> _Problem statement_: With the pictures left out, please return exactly the line holding "大口吃肉超爽快!!超厚叉燒的豚骨拉麵。旭一拉麵" and each following line until the entries end.

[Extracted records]
*****

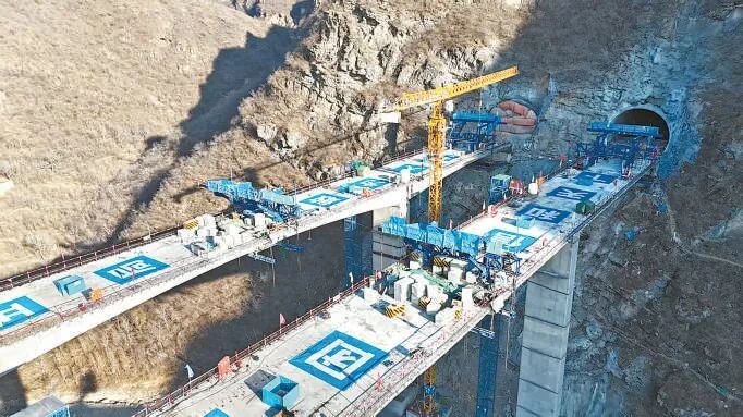 河东村隧道西出口的峭壁旁,便是刚刚合龙的东庄子大桥。这座大桥横跨白石沟,全长518米,主桥采用T型刚构设计,主跨达到70米、主墩高度超30米。而引桥要跨越现有的国道108线和正在建设中的国道108三期。施工过程中,东庄子大桥面临汛期降雨、冬期低温、森林防火期管控、高处作业风险等多重考验。为此,项目团队科学制定工期计划,利用有限的作业时间,采用三班倒、提前开展混凝土的升温保湿措施等,推动4个主墩同时施工,实现平均8天一个节段的高效施工节奏。
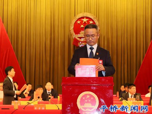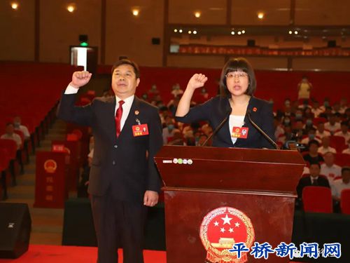 新當(dāng)選的平橋區(qū)監(jiān)察委員會(huì)主任李金娥和平橋區(qū)人民法院院長(zhǎng)李振進(jìn)行了憲法宣誓。
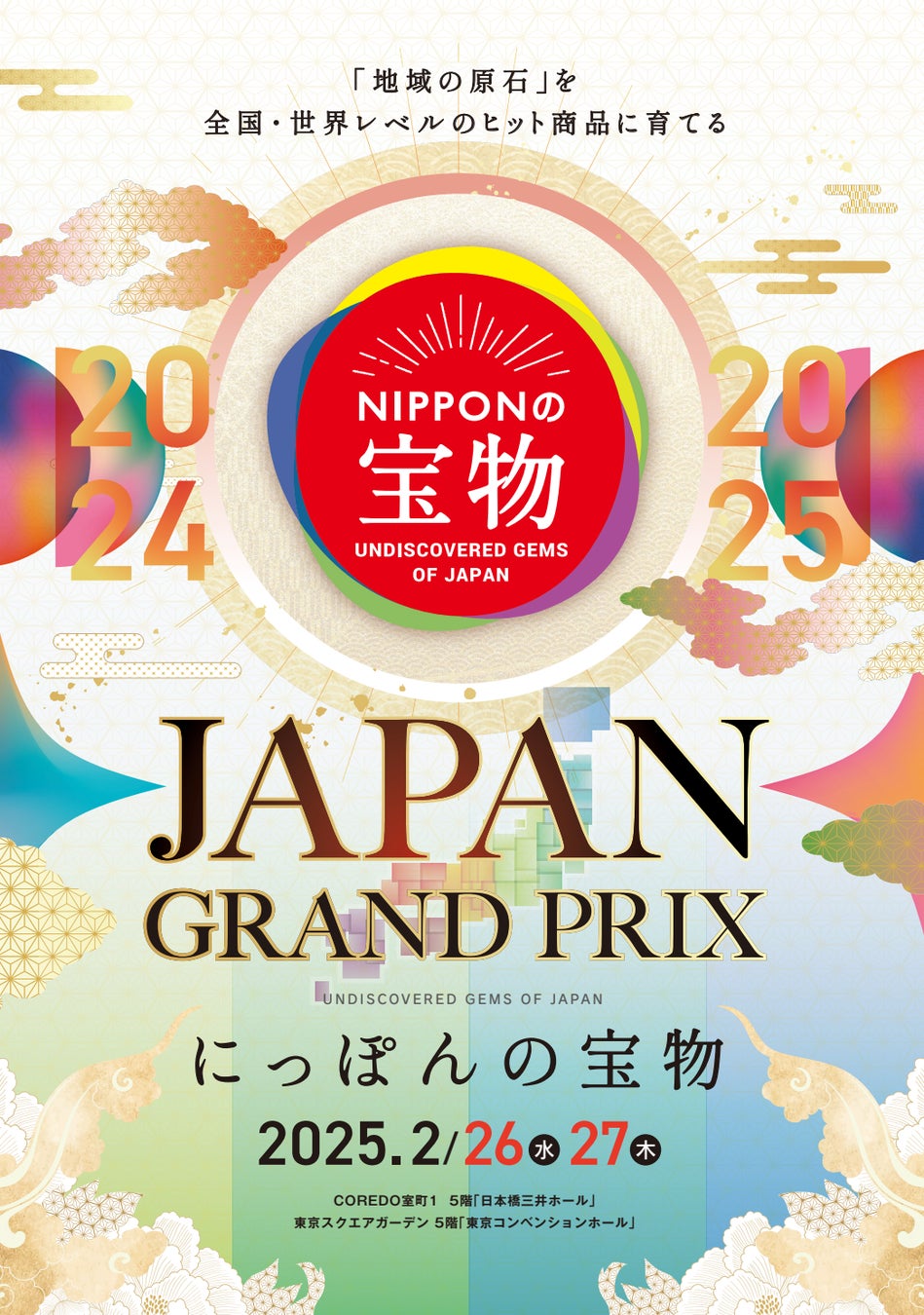 にっぽんの宝物JAPAN事務局(株式会社にっぽんの宝物内 (所在地:東京都文京区、代表取締役:羽根拓也))は、「にっぽんの宝物 JAPANグランプリ 2024-2025」を2月26日・27日、「日本橋三井ホール(COREDO室町1・5F)」、東京コンベンションホール (5F「東京スクエアガーデン」)にて、全国の自治体、商工会らと組み、地方の原石(無名事業者)を応援するグランプリを開催します。
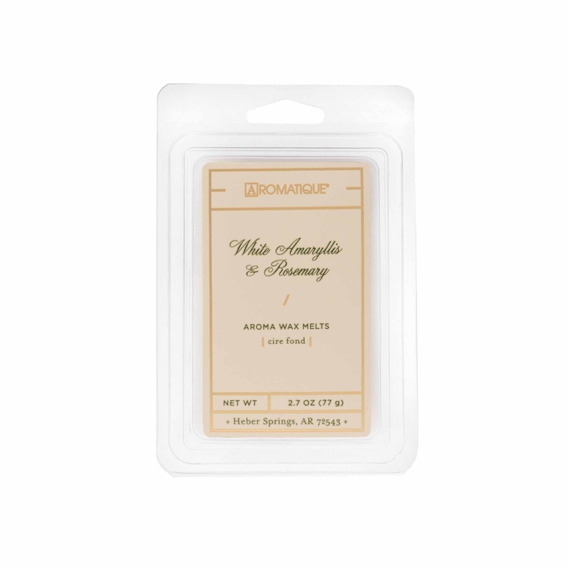 White Amaryllis & Rosemary - fragrant herbs and ginger topped with white florals, all embraced by notes of earthy oakmoss. Enjoy fresh notes of lemon, rosemary, and ginger, paired with the gentle florals of white amaryllis and jasmine, and grounded in oak moss and cardamom. A set of 8 cubes that contain highly refined paraffin wax and a highly fragrant aroma - no wicks or flames needed. To use, simply break off a portion of the wax melt and place in your favorite warming device for a room-filling aroma. Pair with other products from Aromatique's White Amaryllis & Rosemary collection for an immersive experience. GMO-free, Gluten-free, Paraben-free, Cruelty-free, and Vegan. Handcrafted in Heber Springs, Arkansas, USA.White Amaryllis & Rosemary - fragrant herbs and ginger topped with white florals, all embraced by notes of earthy oakmossEnjoy fresh notes of lemon, rosemary and ginger, paired with the gentle florals of white amaryllis and jasmine, and grounded in oak moss and cardamomA set of 8 cubes that contain highly refined paraffin wax and a highly fragrant aroma - no wicks or flames neededTo use, simply break off a portion of the wax melt and place in your favorite warming device for a room-filling aromaGMO-free, Gluten-free, Paraben-free, Cruelty-free, and VeganHandcrafted in Heber Springs, Arkansas, USA
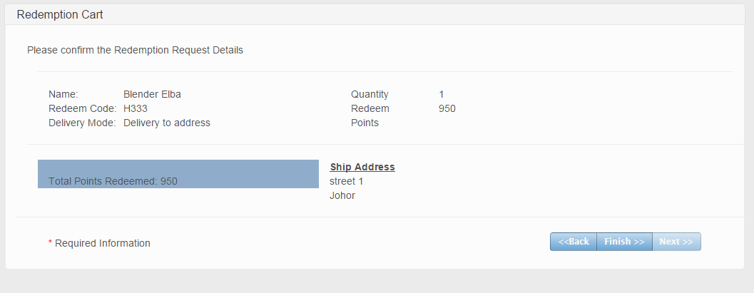 After the user clicks on the “Next” button in Delivery Information page, user will be shown a Confirmation Page for the Redemption Request. Click on Finish to confirm the Redemption request.
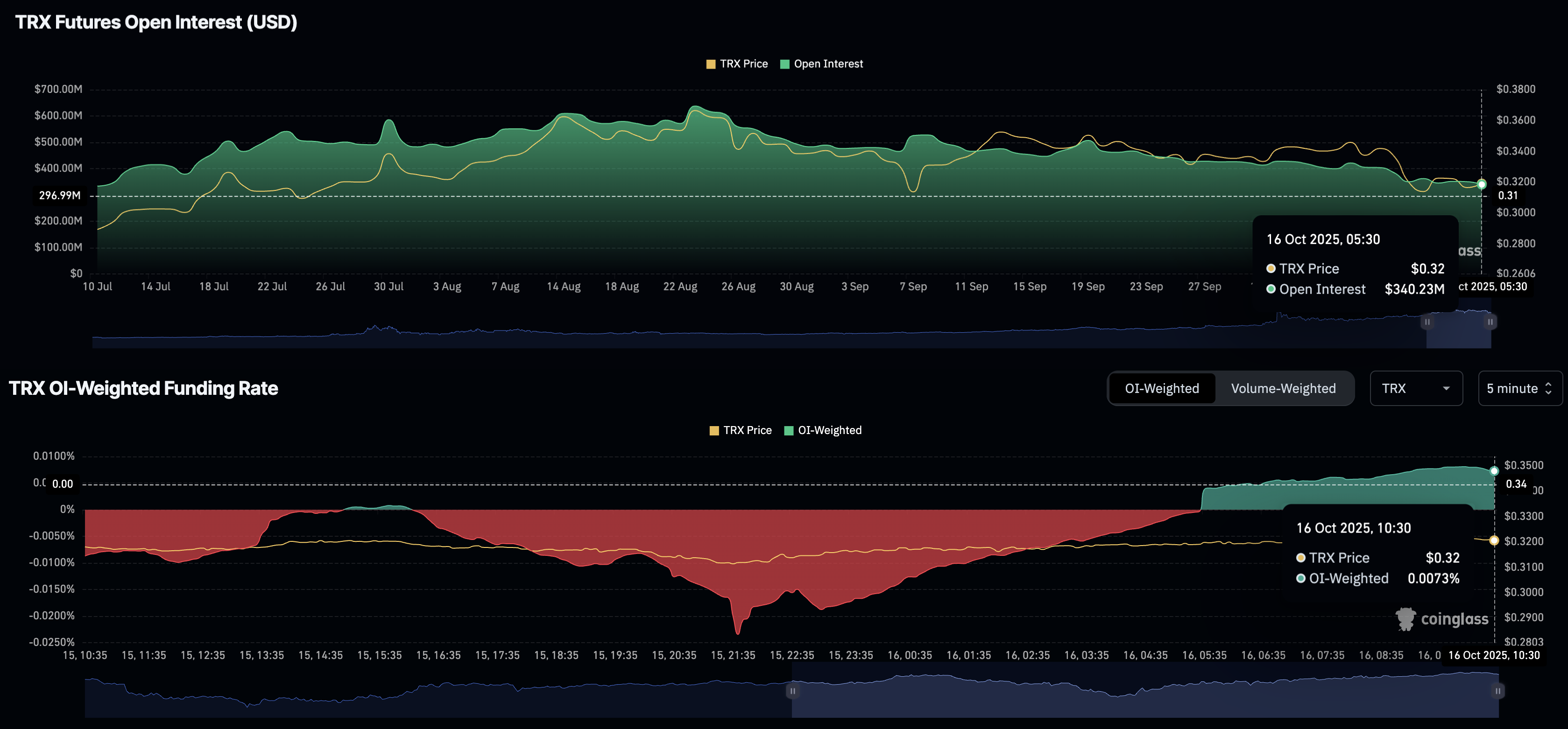 La demanda de Tron continúa fluctuando, un efecto secundario de la volatilidad del mercado en general. Los datos de CoinGlass muestran una disminución constante en el interés abierto de futuros de TRX (OI), que se sitúa en 340.32 millones de dólares el jueves. Una tendencia a la baja en el OI indica que los participantes del mercado están asustados, lo que resulta en una desapalancamiento o retiro de capital.
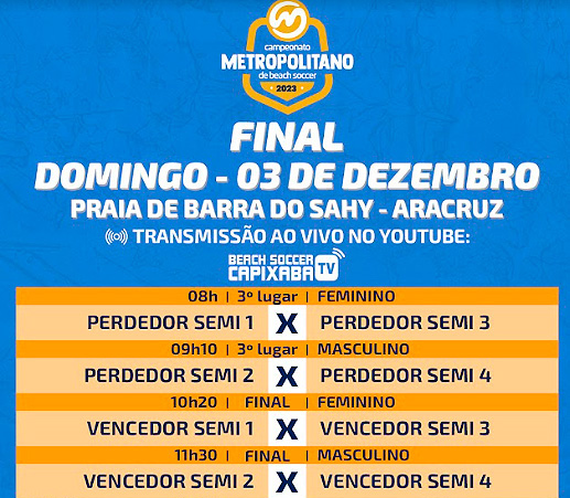 A principal competição de clubes de Beach Soccer do Espírito Santo está chegando ao apito final em 2023! A Série A do Campeonato Metropolitano, que conta com craques como Bruno Xavier, melhor do mundo em 2013, Anderson Dias, Campeão da Copa do Mundo e da Libertadores, tem suas semifinais e finais neste sábado (02) e domingo (03), respectivamente.
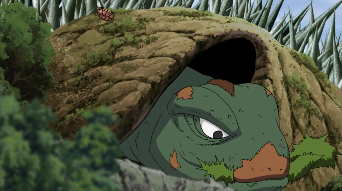 - Uma das Nove Bestas Mascaradas se assemelha a uma tartaruga e é chamada de Genbu,[22] assim como a ilha tartaruga de Kumogakure.
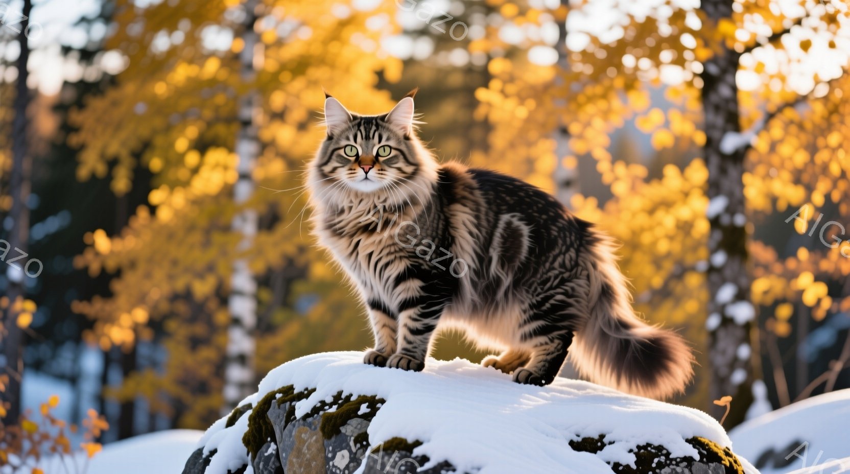 縞模様の大きな猫が雪に覆われた岩の上に堂々と立っている。背景には鮮やかな黄色の紅葉の木々が立ち並び、冬の暖かな光が差し込んでいる。猫の表情は落ち着いており、周囲の景色を見渡す様子がうかがえる。
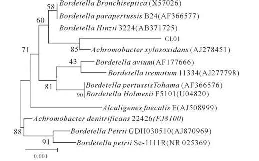 以菌株CL01的DNA為模板進行PCR,獲得一條約1.5 kb的特異性片度,經(jīng)回收、轉化后,挑選陽性克隆進行測序。利用Blast程序,將測序所得的16S rDNA部分序列和GenBank已登錄的16S rDNA序列進行核苷酸序列同源性比較,結果表明:菌株與Bordetella、Alcaligenes、Achromobacter等屬中多個種的16S rDNA序列具有高度同源性,與AchromobacterdenitrificansBMB-N6、AchromobacterxylosoxidansCONC18、B.bronchisepticaBb4、B.hinziiAU12584、Alcaligenesdenitrificans等菌的同源性均超過了99%。
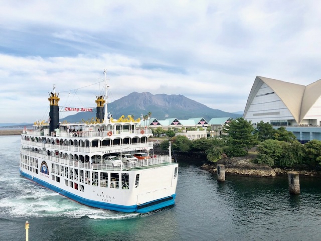 鹿児島市内と桜島を結ぶフェリーの中で最も豪華客船ぽいのが、この「チェリークイーン号」。24時間運行のフェリーですが、たったの15分しか乗れないのが残念。船内にある「やぶ金」のうどんは必食です!
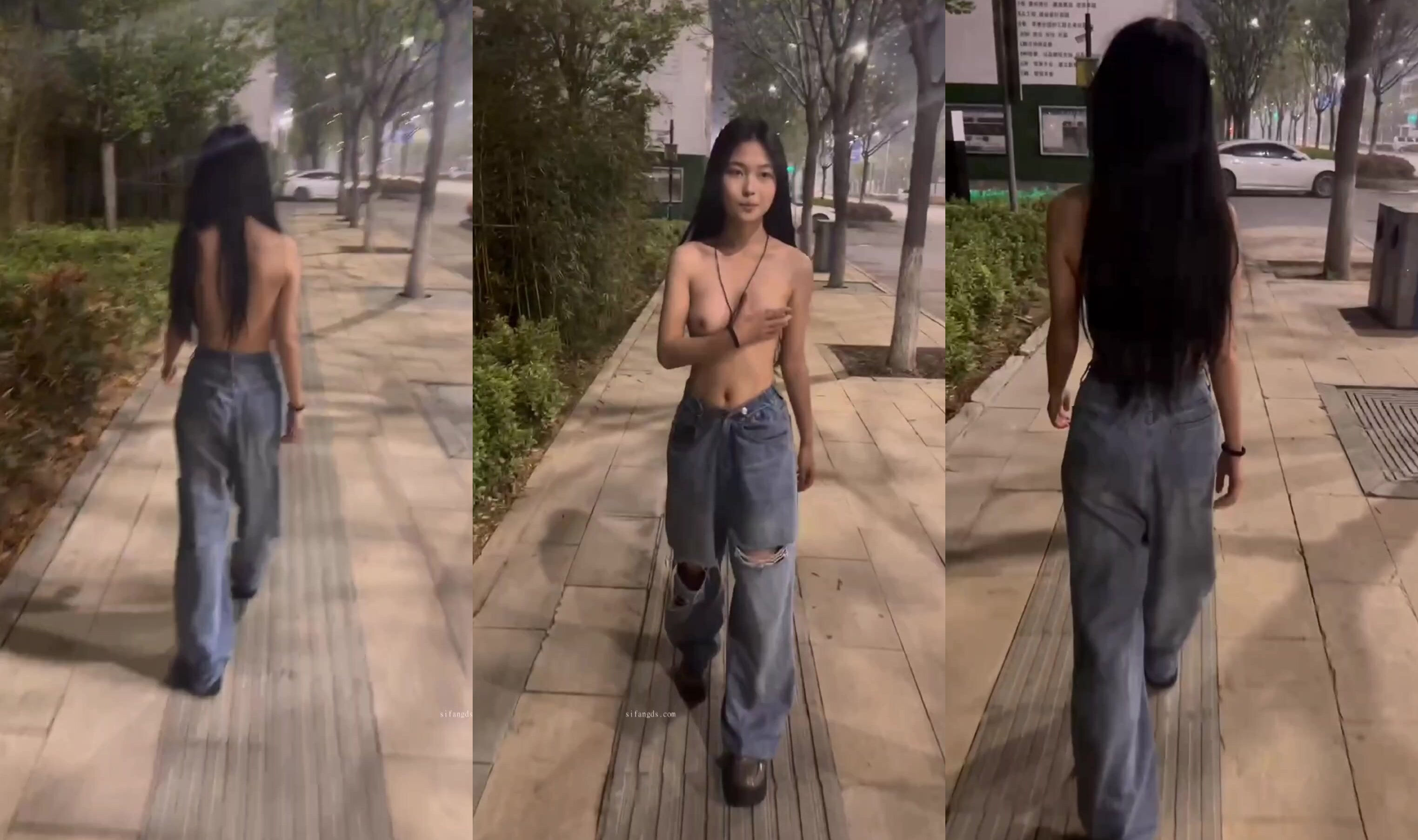 騷貨人行道裸上身散步
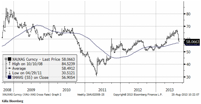 Nedan ser vi kvoten mellan guldpriset och silverpriset. När folk under 2011 trodde att en storbank sålt mer ”papperssilver” än vad som fanns i världen, gick kvoten ner till rekordlåga 30. Därefter har silver tappat mark dubbel så mycket som guld och kvoten nästan nått 70. Detta hänger ihop med baisse-marknaden. Silver brukar ta ut svängarna mer än vad guldmarknaden gör. När så vinden vände i augusti, har silvermarknaden varit snabbare än guldmarknaden. Silver handlar nu i linje med det historiska medelvärdet på kvoten till guld, som är ca 50. Idag är det alltså egalt om man köper silver eller guld.
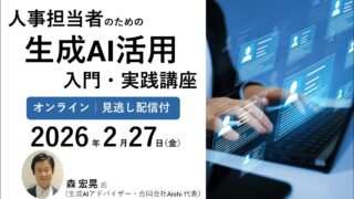 人事×生成AI活用セミナー:採用・育成・評価・労務における使い方と判断力を学ぶオンライン講座【見逃し配信付】 ニュースの要約人事担当者向けに、生成AIの活用方法を基礎から実践まで網羅するオンラインセミナーの開催採用、人材育成、評価、労務管理などの人事業務において、生成AIをどのように活用できるかを解説セミナーでは、生成AIの利活用に関するリスクや対... ニュース: 2026.01.22 ニュース
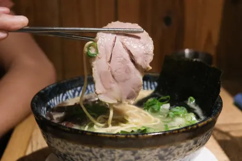 大口吃肉超爽快!!超厚叉燒的豚骨拉麵。旭一拉麵
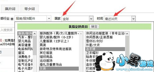 第四步:然后进入,我们开始选定行业,另外这里注意一点,选定时间最好为30天,这样更方便我们来查找相关产品的上升趋势。选好行业以后点击“确定”就会自动筛选了。

*****

> _Answer for this exercise_:
 大口吃肉超爽快!!超厚叉燒的豚骨拉麵。旭一拉麵
 第四步:然后进入,我们开始选定行业,另外这里注意一点,选定时间最好为30天,这样更方便我们来查找相关产品的上升趋势。选好行业以后点击“确定”就会自动筛选了。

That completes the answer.